• [DATA EXCERPT]:
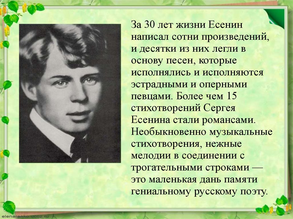 В 19 лет появилось в печати первоестихотворение Есенина «Берёза»
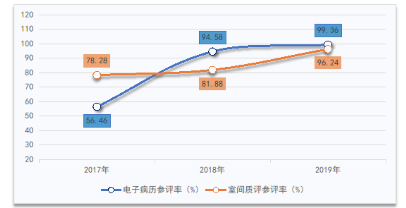 值得注意的是,2019年,中国首次次将住院病案首页数据应用于三级公立医院绩效考核。住院病案首页数据质量的提升,可以为获得更加客观、公平的绩效考核结果提供有力保障,亦是公立医院高质量发展的基础。《考核》显示,2019年三级公立医院住院病案首页数据项目完整率为99.99%,较2018年提升8.41个百分点;数据准确率为98.28%,较2018年提升16.52个百分点。
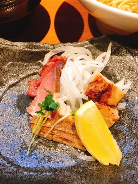 豚と鶏のレアチャーシューもしっとりしていて美味しい。
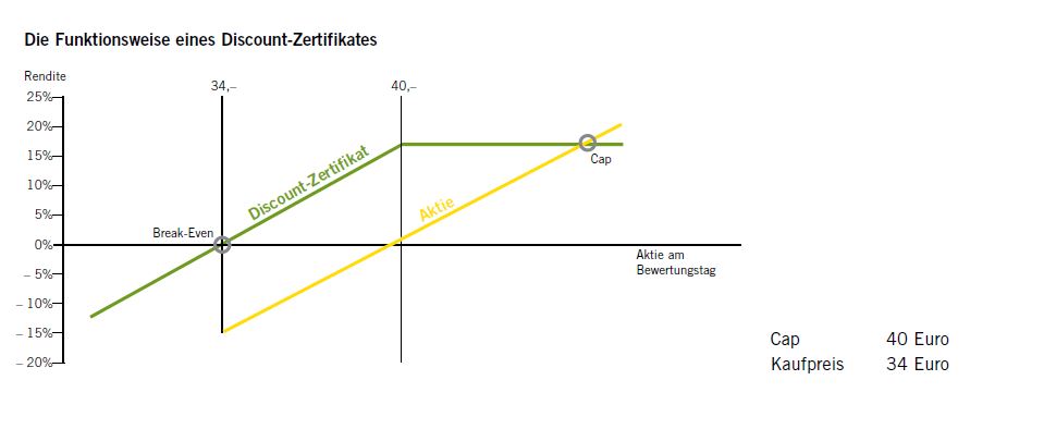 Dem Discount-Zertifikat liegt die Aktie XY zugrunde. Der Discount ergibt sich aus der prozentuellen Differenz zwischen dem Kurs des Zertifikates von 34 Euro und dem Kurs der zugrunde liegenden Aktie XY von 40 Euro zum Zeitpunkt des Zertifikatekaufs. Die Rückzahlung des Zertifikates erfolgt am Fälligkeitstag zum Schlusskurs der Aktie, maximal jedoch zu 40 Euro (Cap).

• [PROBLEM TO SOLVE]: An exact reproduction of the lines from the line containing "豚と鶏のレアチャーシューもしっとりしていて美味しい。" through the end of the listing above is needed; pictures stay out.

• [PROBLEM SOLUTION]:
 豚と鶏のレアチャーシューもしっとりしていて美味しい。
 Dem Discount-Zertifikat liegt die Aktie XY zugrunde. Der Discount ergibt sich aus der prozentuellen Differenz zwischen dem Kurs des Zertifikates von 34 Euro und dem Kurs der zugrunde liegenden Aktie XY von 40 Euro zum Zeitpunkt des Zertifikatekaufs. Die Rückzahlung des Zertifikates erfolgt am Fälligkeitstag zum Schlusskurs der Aktie, maximal jedoch zu 40 Euro (Cap).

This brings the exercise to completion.